Given the function: $f(x, y) = x^2 + y^2 – 6x – 4y +11$
Determine the global extrema for f in the set $M = \{(x, y) \in \mathbb{R} | x^2 + y^2 -4x \le 5\}$
So I know that continuous functions on a compact set have both a maximum and a minimum there. But I'm a bit stuck here. Am I supposed to solve this by using the hessian matrix? And how would I go about showing that the local extrema are also global extrema, is it because of the compactness?
$\nabla{f(x,y)} = (\partial_x f,\partial_y f) = (2x – 6, 2y -4)$
$\nabla{f(x,y) = (0,0)}$
$2x -6 = 0 \\2y – 4 = 0$
Stationary point a = [3, 2]
Best Answer
To find the global extrema of continuous $f$ on a compact subset $M$ of $\mathbb{R}^2$, you do two things:
1. Interior.
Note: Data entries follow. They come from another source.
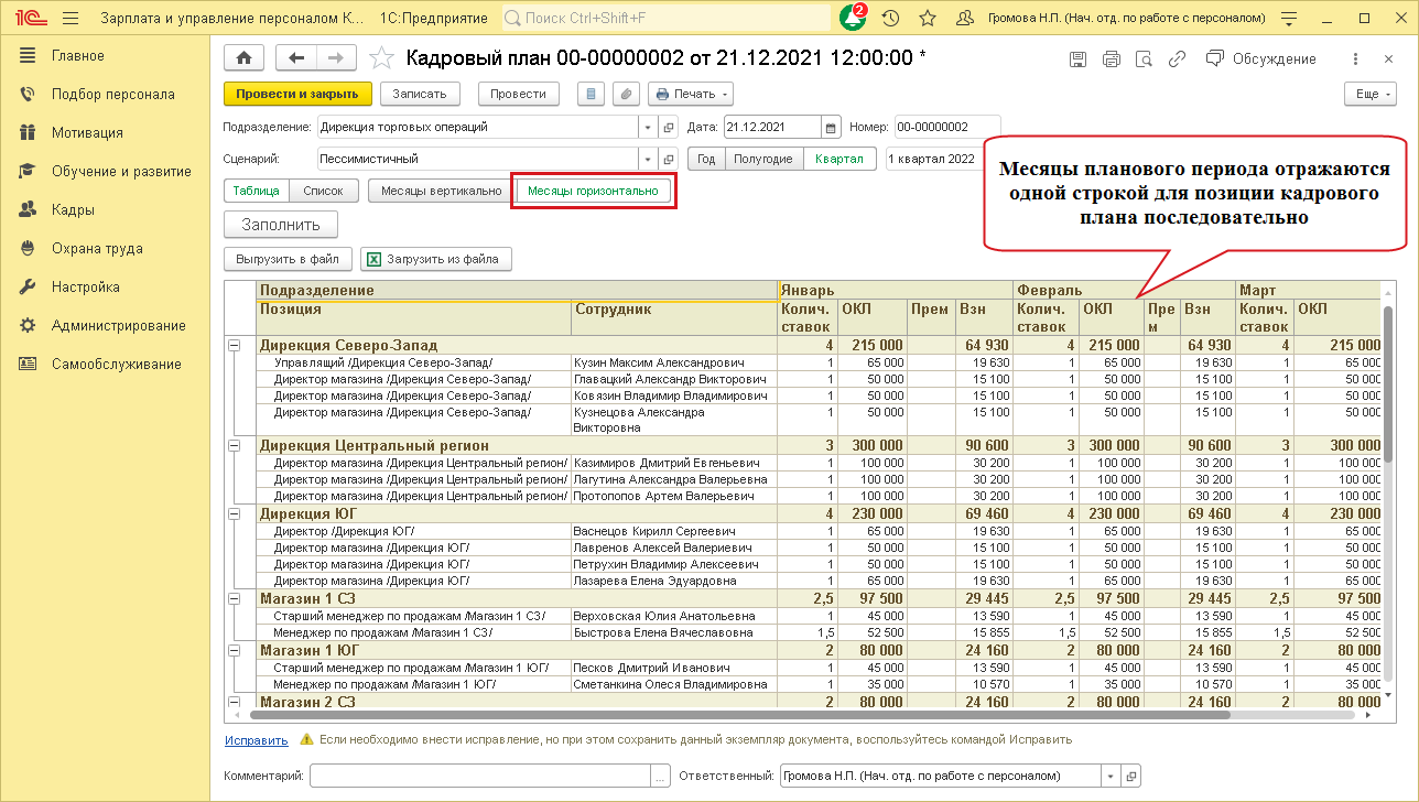 В режиме Месяцы горизонтально для позиции кадрового плана месячные показатели отображаются в столбцах таблицы.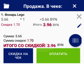 Установленные скидки в справочнике товаров на каждый конкретный товар будут применены автоматически и дополнительно возможно добавить скидку по дисконтной карте на весь чек.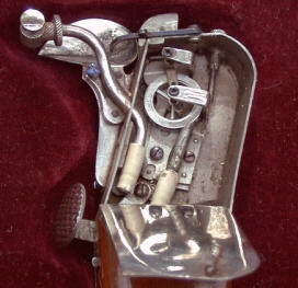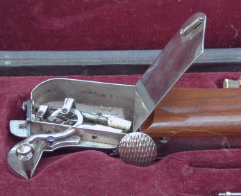 An 1885 model Air Brush in original case with bottle containing needles. The rod with the ball is a guide that you can hold on to. Made by Liberty Walkup's Air Brush Manufacturing Co. of Rockford, Illinois. | ||
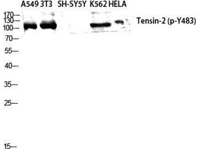 Phospho-Tensin-2 (Y483) Polyclonal Antibody detects endogenous levels of Tensin-2 protein only when phosphorylated at Y483.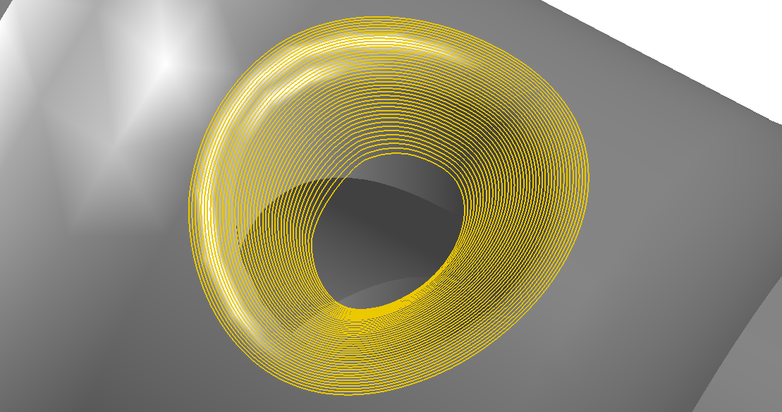 Toolpath is created for all possible profiles at each Z level depth of cut. Options for zig‑zag or one‑way toolpath with plunge moves are available. The toolpath can be constrained to a Z‑level start and Z‑level end. Contour toolpaths are useful for semi‑finish and finish machining curved vertical and near vertical walls, with or without islands and bosses, in mold cavity and core models. Ball, bull, flat and tapered cutter types are supported. The Contour process can also be used to create planar profiles that are suitable for use in the Region Rough process.

Find all critical points of $f$ in the interior of $M$.
2. Boundary. Find potential global extrema of $f$ on the boundary of $M$. If this boundary is given by a constraint (e.g., $x^2+y^2-4x=5$, as yours is), then you may use Lagrange multipliers.
Evaluate $f$ at all the points found in the two steps above. The largest (respectively, smallest) of these values is the global maximum (resp., global minimum) value of $f$ on $M$.
You have completed part 1.
(Note: Since you're asking about global extrema on a compact subset $M$ of $\mathbb{R}^2$, there is absolutely no reason to do anything for local extrema. If you wanted to know what happens at the critical point $(3,2)$, then fine---test it using the second-derivative test. But you are asking about global extrema; the second-derivative test is useless for this task.)